Jan 3, 2024 - News

Washington now bans most pre-employment pot tests

Illustration of a marijuana leaf on a scale

Illustration: Sarah Grillo/Axios

A positive test for cannabis can no longer disqualify you for most jobs in Washington state.

What's happening: A new law that took effect Monday bans most employers from denying someone a job based on a drug screening that turns up traces of cannabis.

Why it matters: Inactive THC metabolites from cannabis can remain in urine samples for days or weeks, long after someone is no longer impaired.

  • While recreational marijuana use has been legal in Washington state for more than a decade, until now it's also been legal for employers to refuse to hire people who test positive for using the drug.

Details: The new law covers most employers in Washington, but there are some exceptions, including law enforcement agencies, fire departments, 911 dispatch centers and airlines.

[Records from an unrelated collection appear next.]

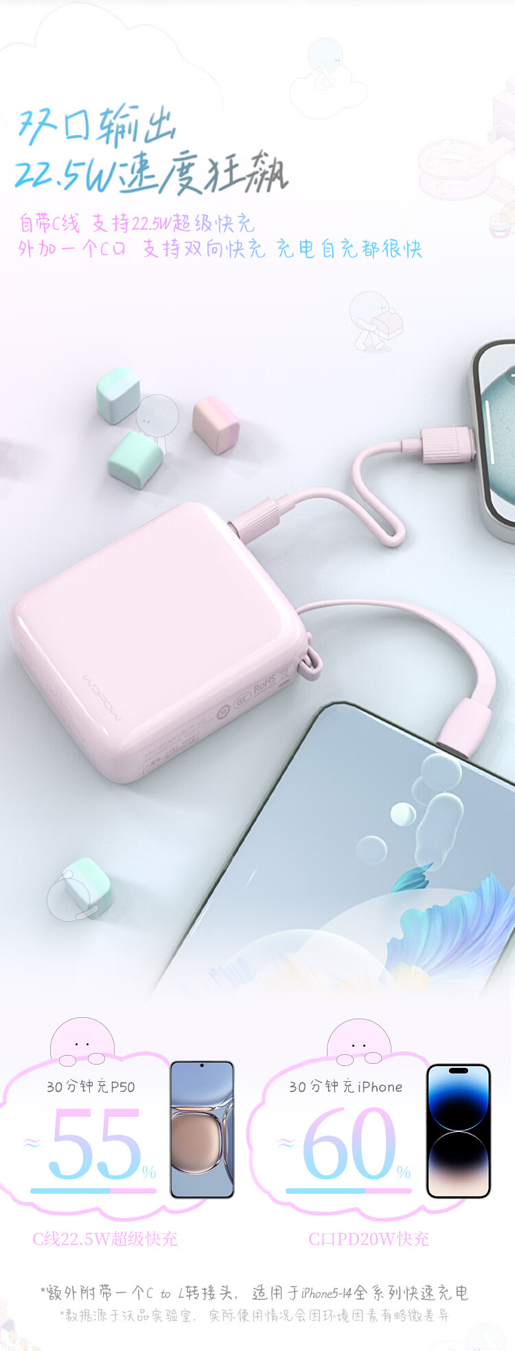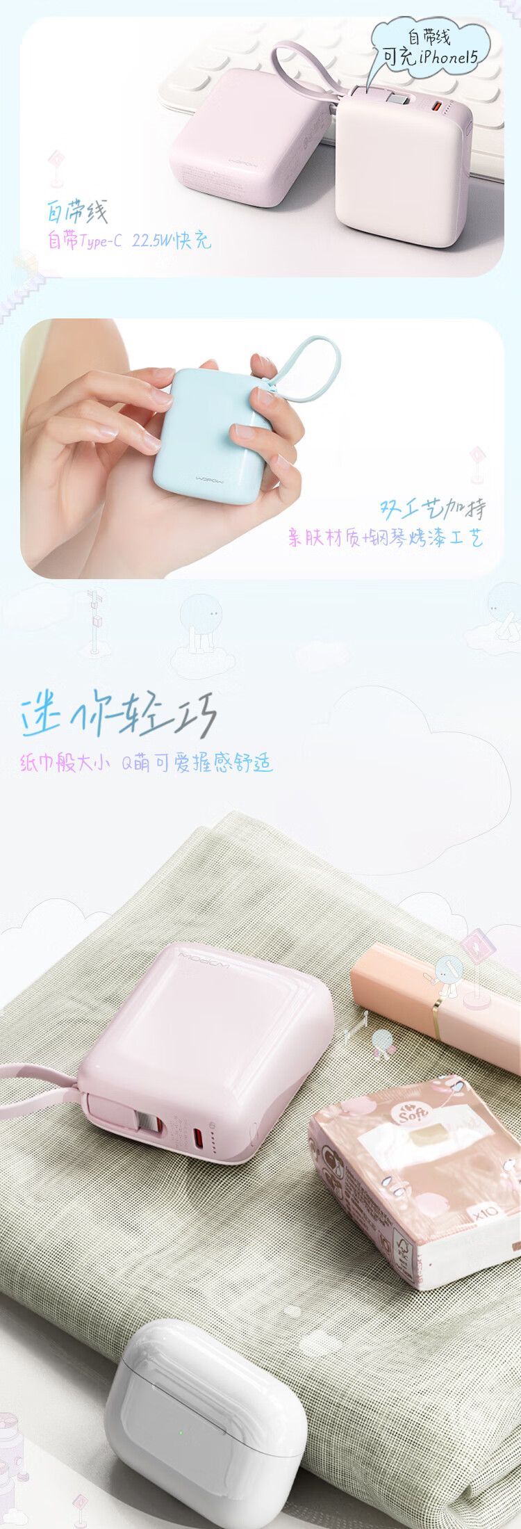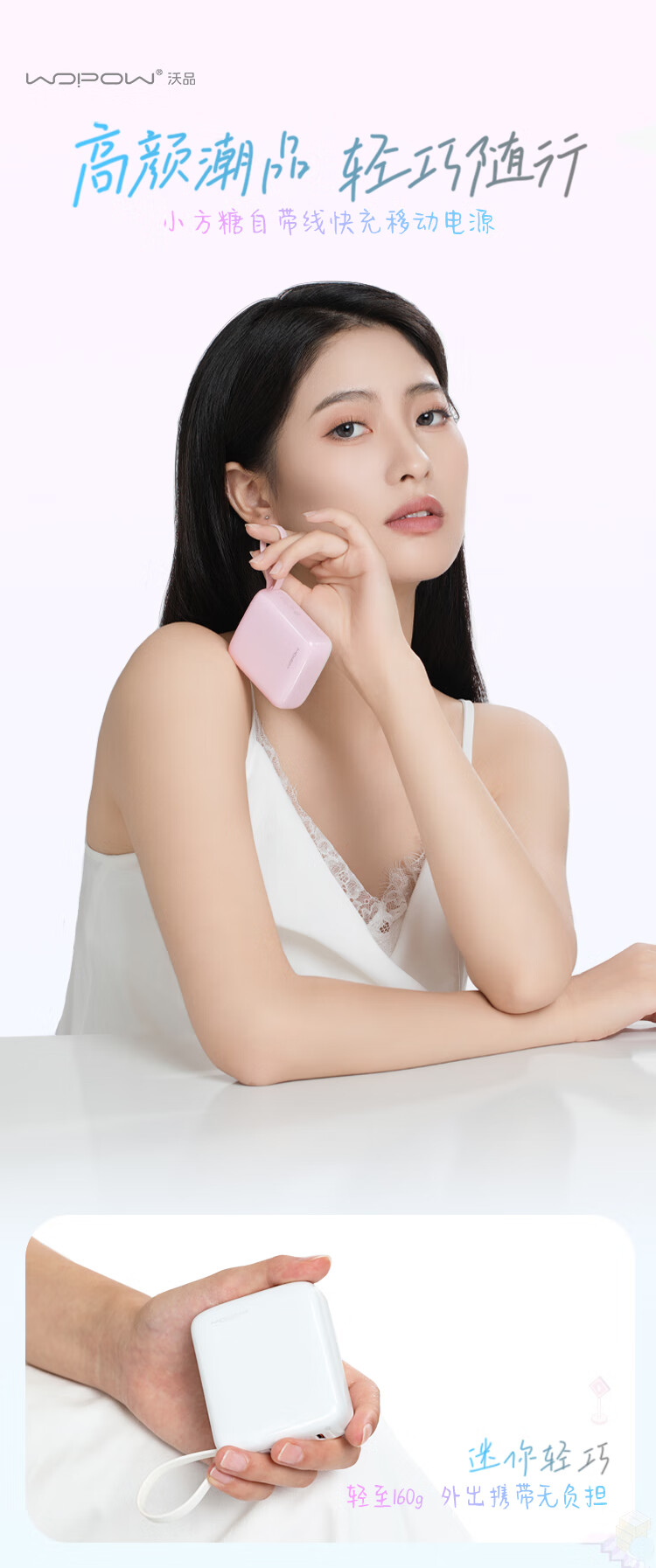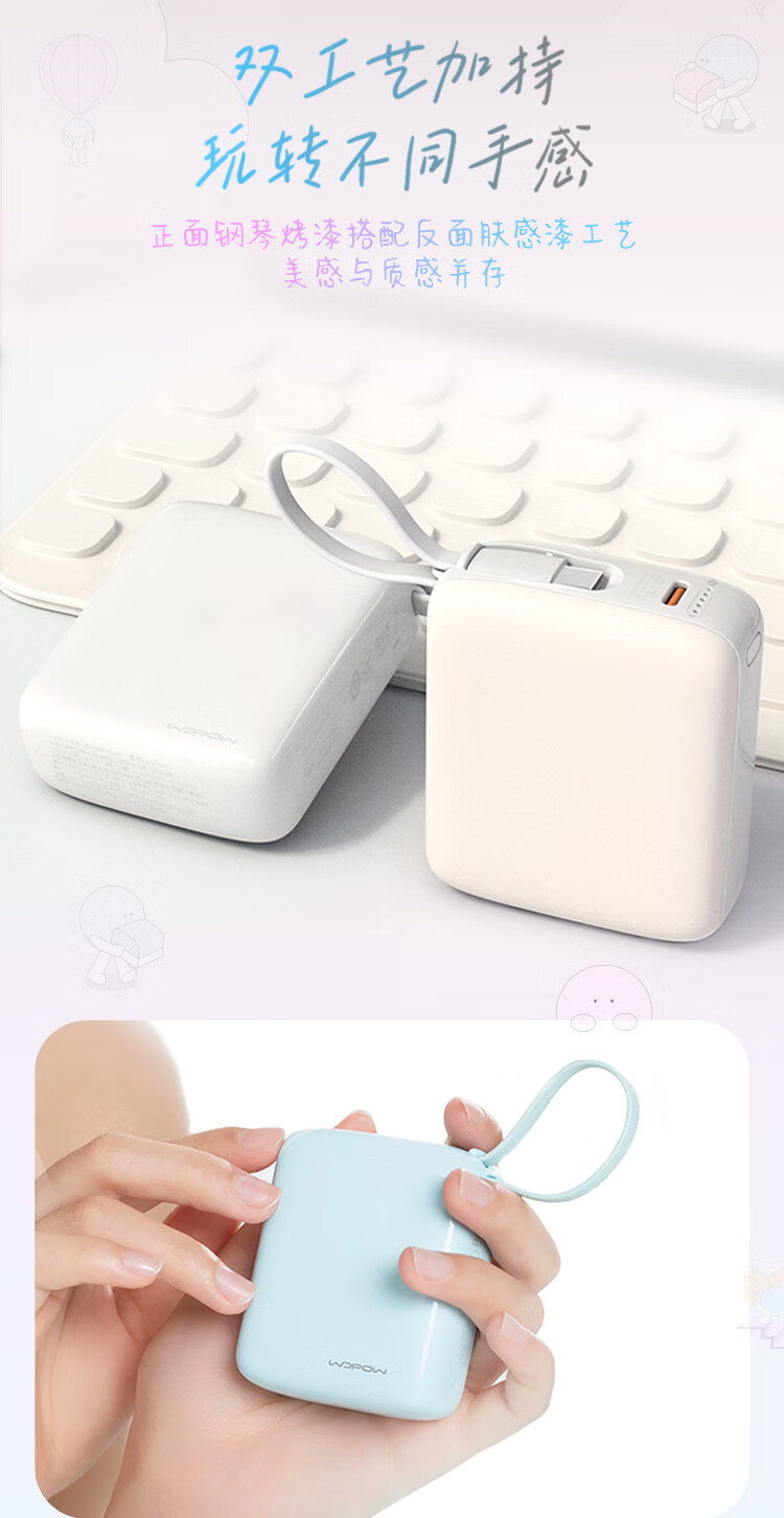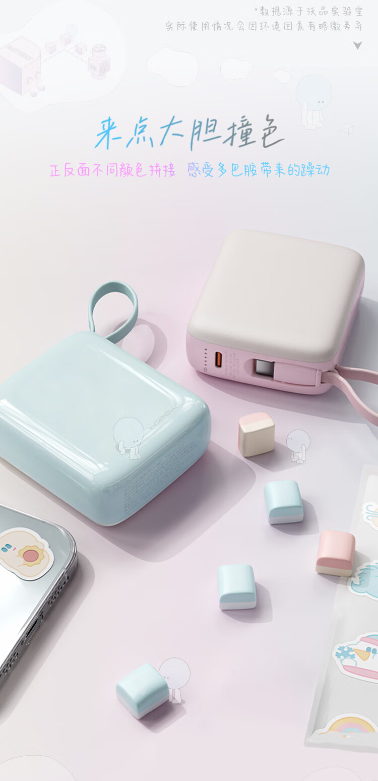 沃品(WOPOW)小方糖充电宝10000毫安 PD22.5W快充 便携小巧自带线移动电源适用于小米华为苹果15 粉色
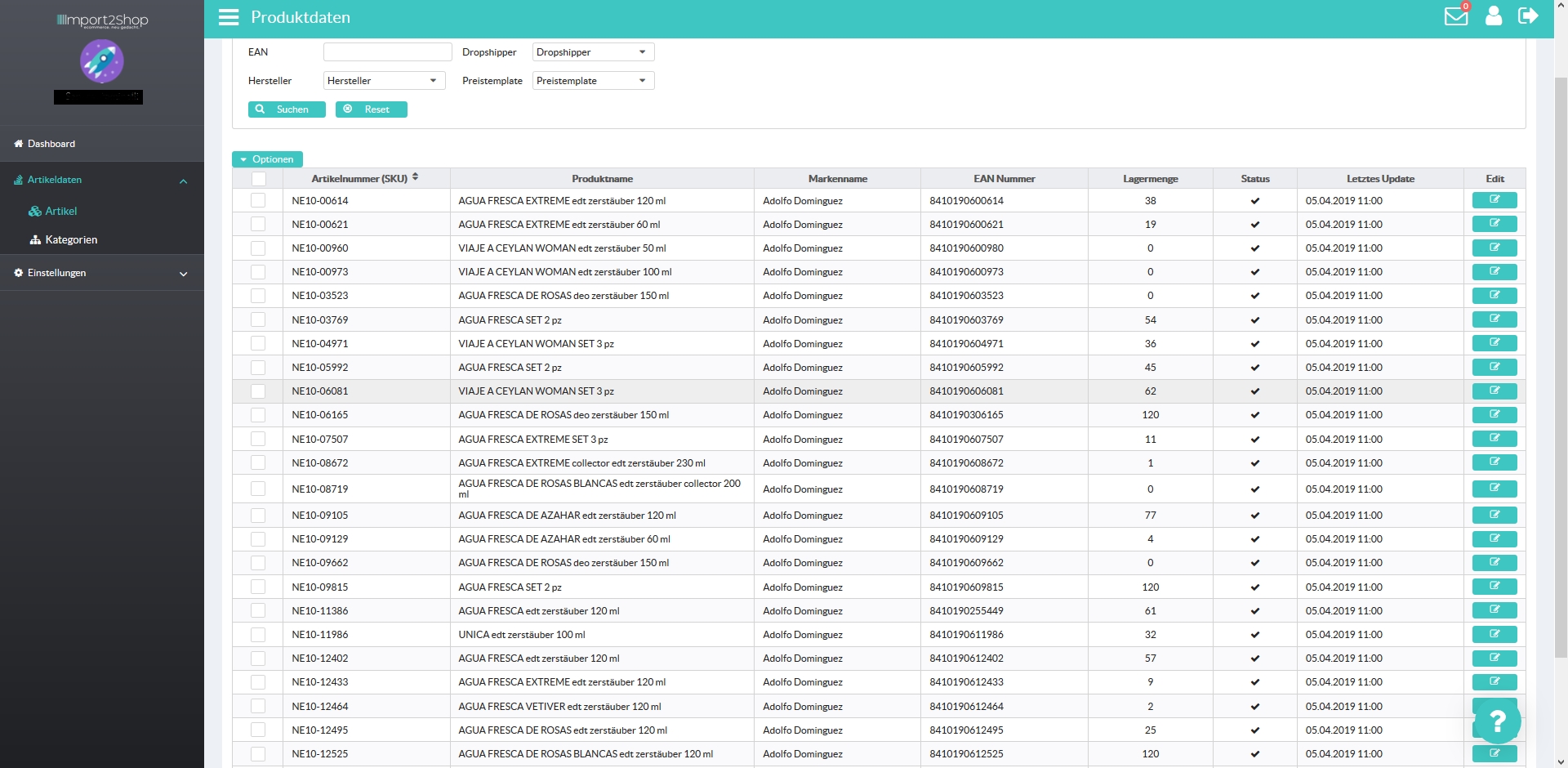 Import2Shop ist ein modernes PIM- (Product-Information-Management) und PDM (Product-Data-Management) mit dessen Hilfe Sie Ihre Produktdaten in einer zentralen Oberfläche verwalten. Durch den hohen Grad an Automatisierung, werden Ihnen manuelle Artikelimporte und händische Bestandsupdates vom Großhandel/Hersteller abgenommen.
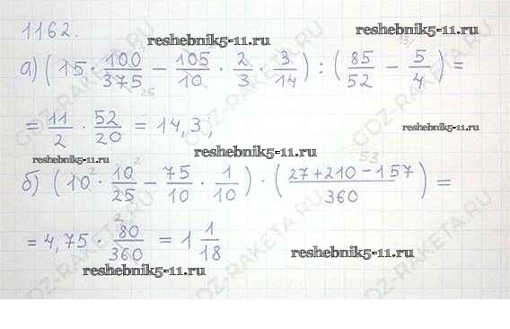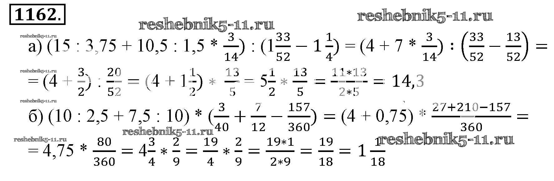 Готовая домашняя работа с ответами по Математике за 6 класс Никольский, Потапов, Решетников, Шевкин Учебник МГУ - школе Просвещение 2014 ФГОС - Номера 1162
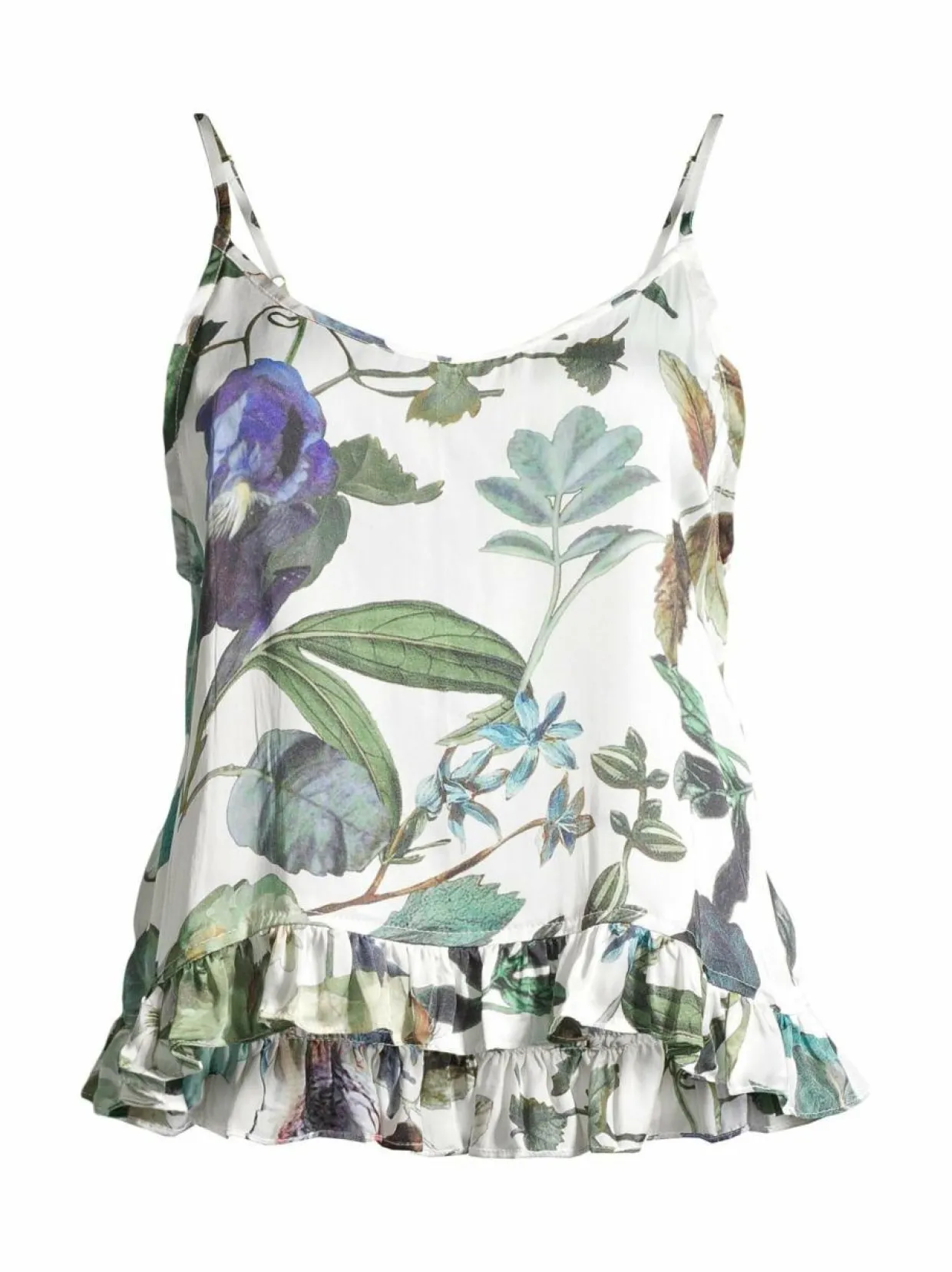 A+moren röyhelösomisteinen toppi elegantissa kukkakuosissa. Olkaimet ovat säädettävät. Selän yläosassa on joustava reunus, jonka ansiosta toppi pysyy mukavasti paikallaan. Vaate laskeutuu rennosti vartalolle ja on valmistettu silkkimäisen tuntuisesta modaalista.
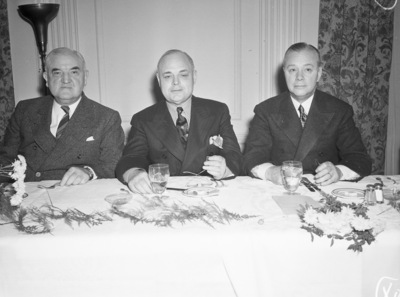 Banquets; Clithero, W. S.; Lund, A. A.; Eastwood, George A.; Dining Tables; Tableware; Flower arrangements; Conventions
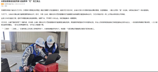 3月24日,中國青年報報道公司青年職工援建方艙醫院事跡:長春加緊建設抗疫用房 這些青年“釘”在工地上
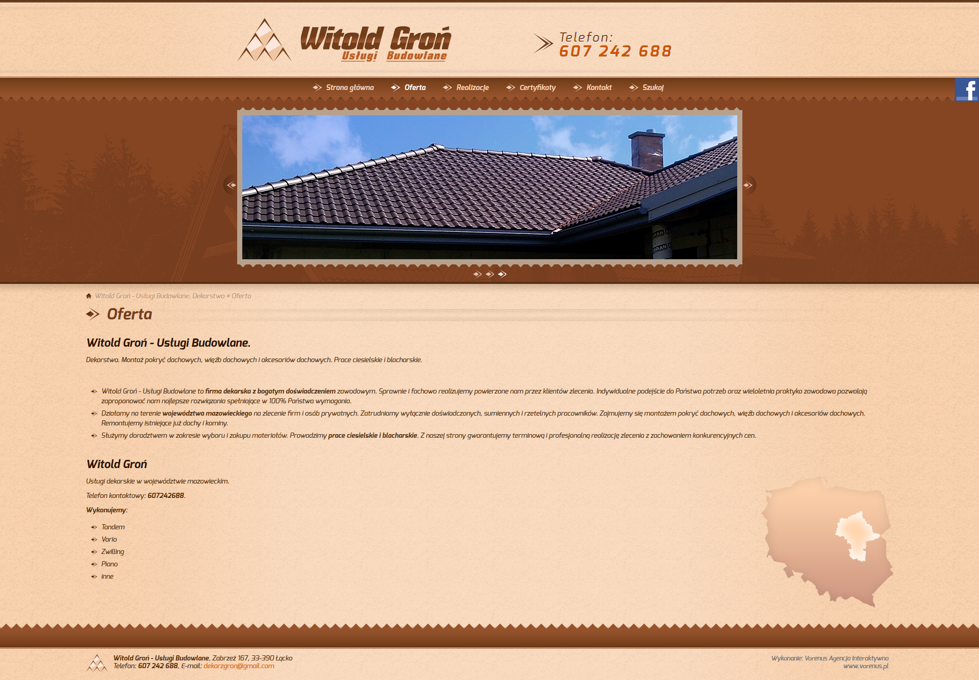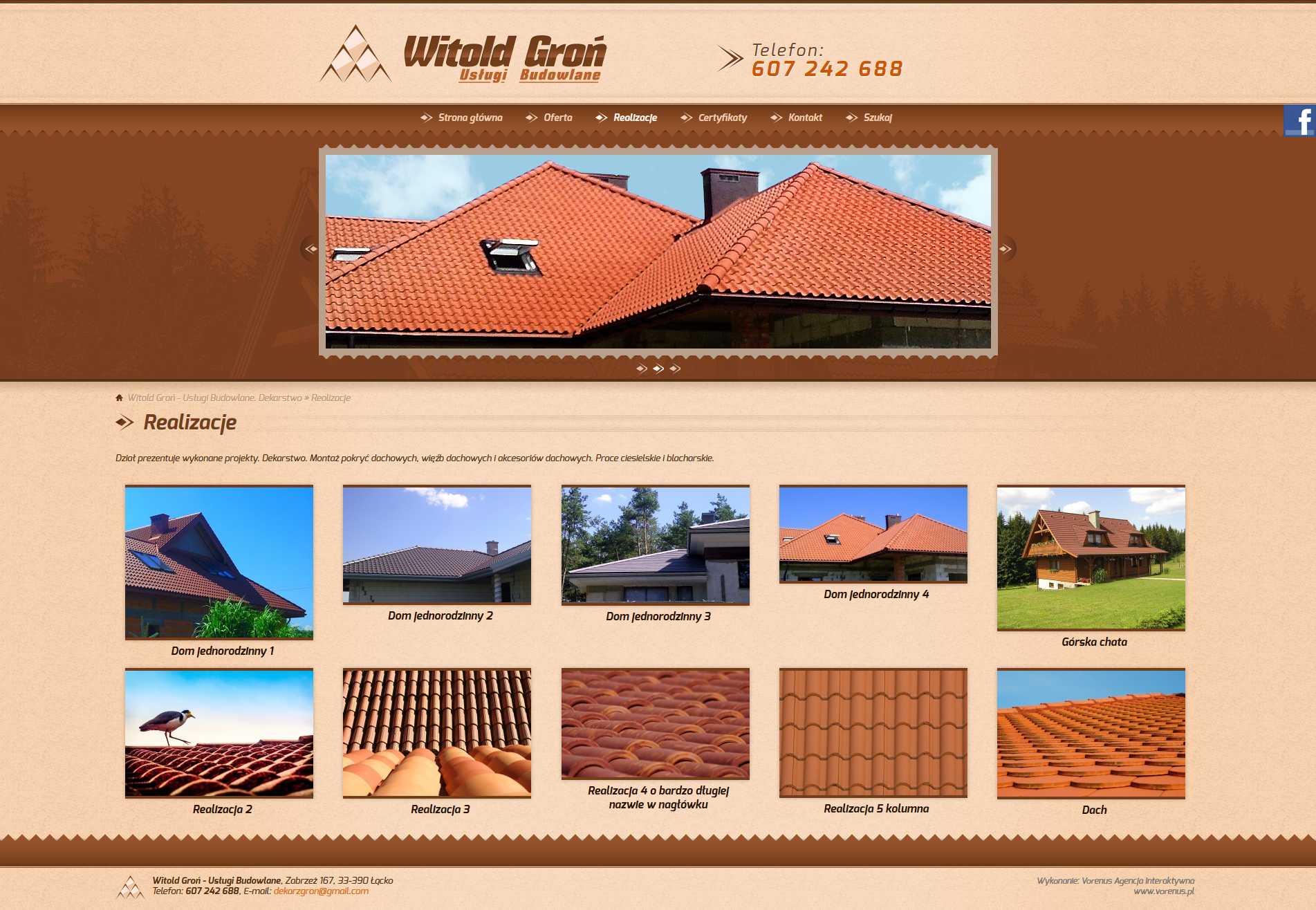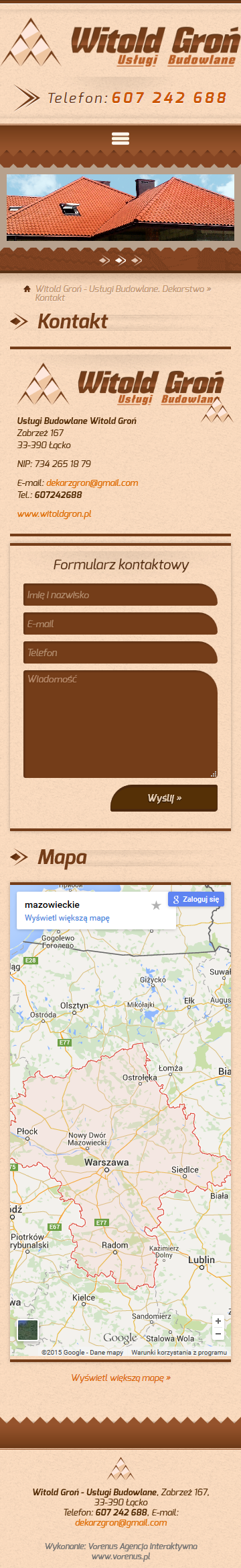 - Projekt i wykonanie strony internetowej dla firmy Witold Groń - Usługi Budowlane. Dekarstwo

  • The law also doesn't apply to any other "safety-sensitive position for which impairment while working presents a substantial risk of death."
  • Employers would have to identify what qualifies as a "safety-sensitive position" that requires testing before people apply.

Plus: People can still be tested for cannabis use after they're already employed at a company, such as after a workplace accident or if there's a suspicion of on-the-job impairment.

What they're saying: State Sen. Karen Keiser (D-Des Moines), who sponsored the new law, said she thinks the law's exceptions will be narrowly applied.

  • "I think the vast majority of applicants for jobs in all kinds of industries will no longer be subject to this discrimination," Keiser told Axios this week.

Between the lines: Because cannabis remains illegal under federal law, federal employees can still be subject to pre-employment screenings for the drug.

  • So can federal contractors and transportation workers who are subject to federal certification requirements, Keiser said.

Zoom out: Recreational marijuana use is now legal in about half of U.S. states.

  • Some, including Nevada and California, have adopted laws similar to Washington's limiting pre-employment cannabis screening, according to NORML, a national group that advocates for marijuana law reform.
  • Paul Armentano, NORML's deputy director, said in a news release last year that it's long past time for companies "to cease punishing employees for activities they engage in during their off-hours that pose no workplace safety threat."
  • He said that people who use cannabis legally should be held to a similar standard as those who use alcohol responsibly on their own time.